Data extract:
____
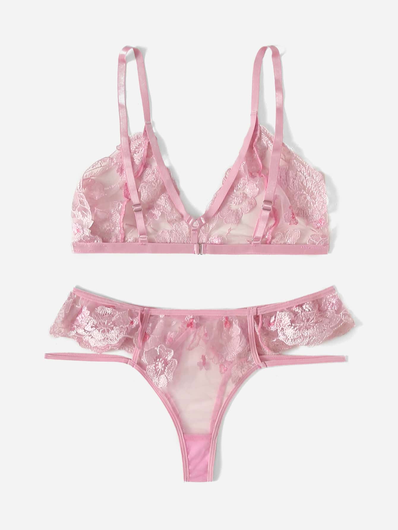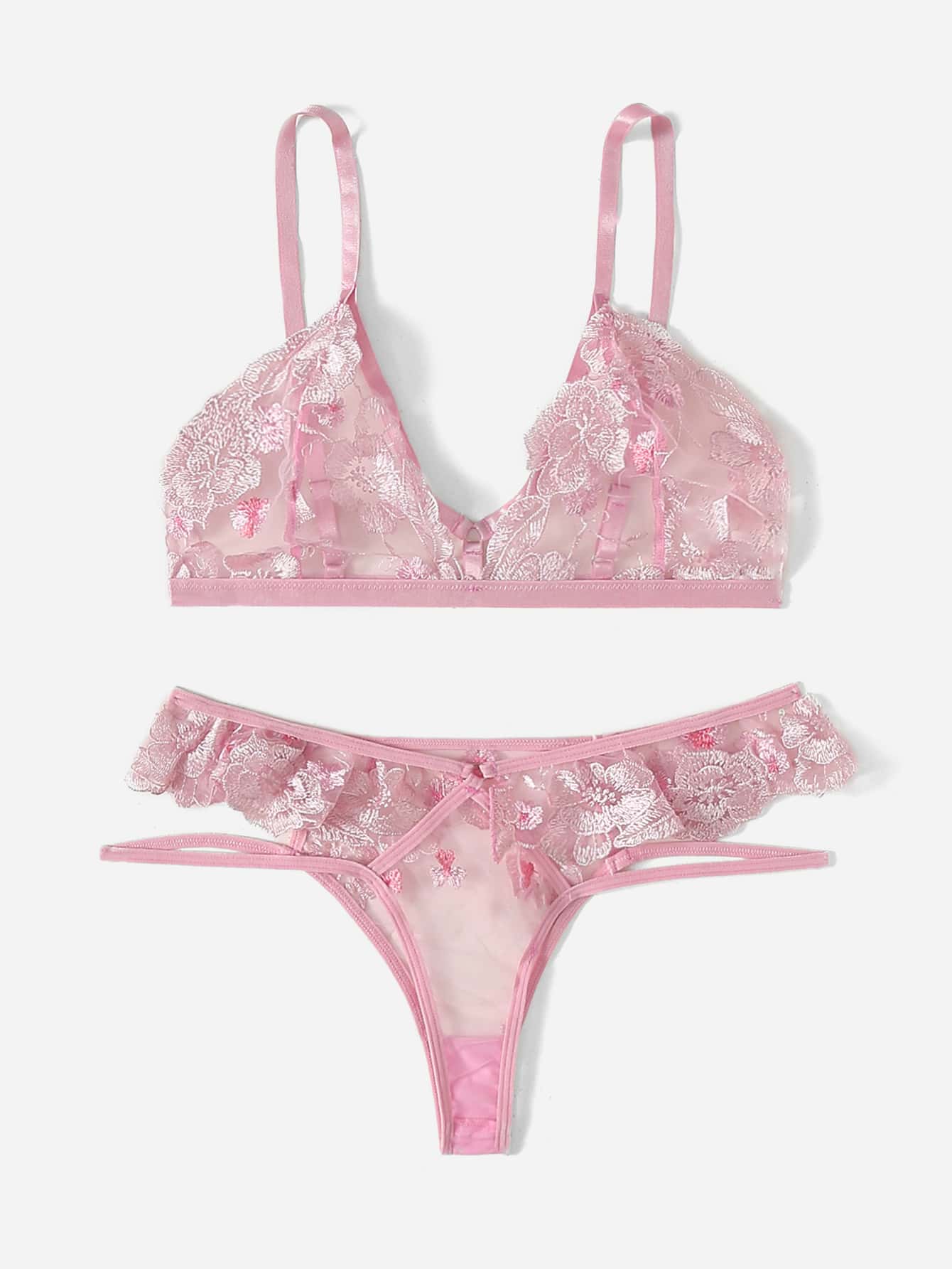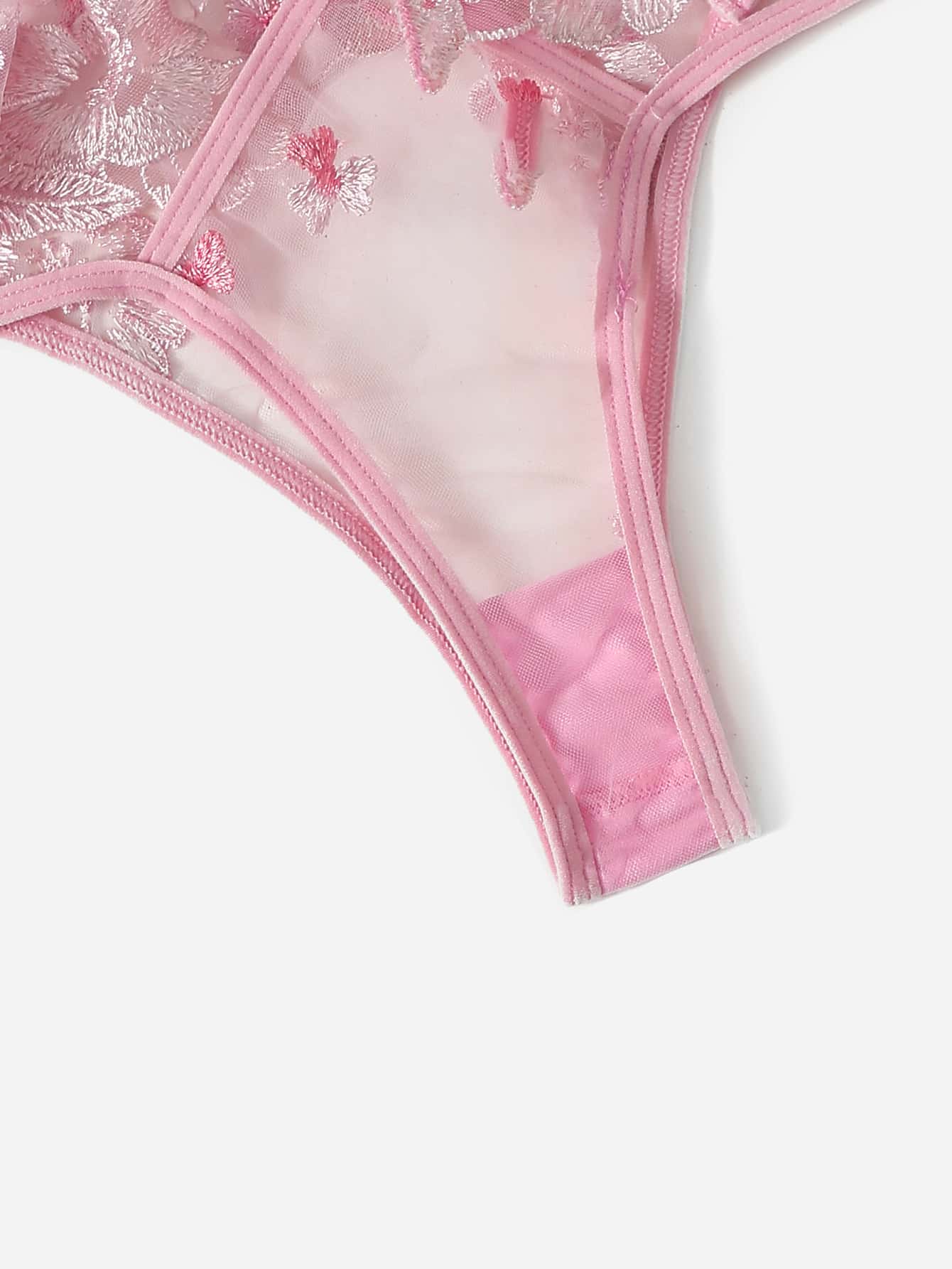 Floral Embroidered Mesh Cut Out Lingerie Set
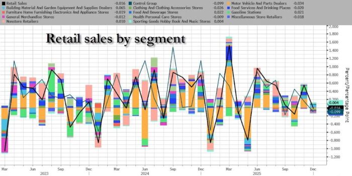 Las ventas minoristas de EE. UU. se estancaron inesperadamente en diciembre de 2025, tras haber subido un 0,6 % en noviembre, y quedaron por debajo de las previsiones, que apuntaban a un avance del 0,4 %.
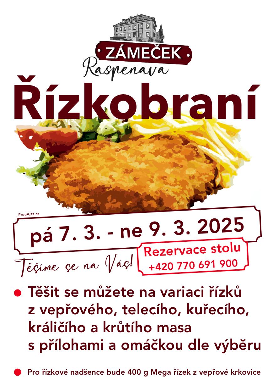 202507březen(březen 7)8.00ne09(březen 9)23.00Řízkobraní v Zámečku RaspenavaHotel Zámeček Raspenava, Fučíkova 500, 46401 Raspenava, Česko8.00 - 23.00 (9)(GMT+01:00) Druh akceGastronomie,Restaurace,Veřejná akce
____
Exercise objective: Repeat the material exactly and drop each image.

Output of the task:
 Floral Embroidered Mesh Cut Out Lingerie Set
 Las ventas minoristas de EE. UU. se estancaron inesperadamente en diciembre de 2025, tras haber subido un 0,6 % en noviembre, y quedaron por debajo de las previsiones, que apuntaban a un avance del 0,4 %.
 202507březen(březen 7)8.00ne09(březen 9)23.00Řízkobraní v Zámečku RaspenavaHotel Zámeček Raspenava, Fučíkova 500, 46401 Raspenava, Česko8.00 - 23.00 (9)(GMT+01:00) Druh akceGastronomie,Restaurace,Veřejná akce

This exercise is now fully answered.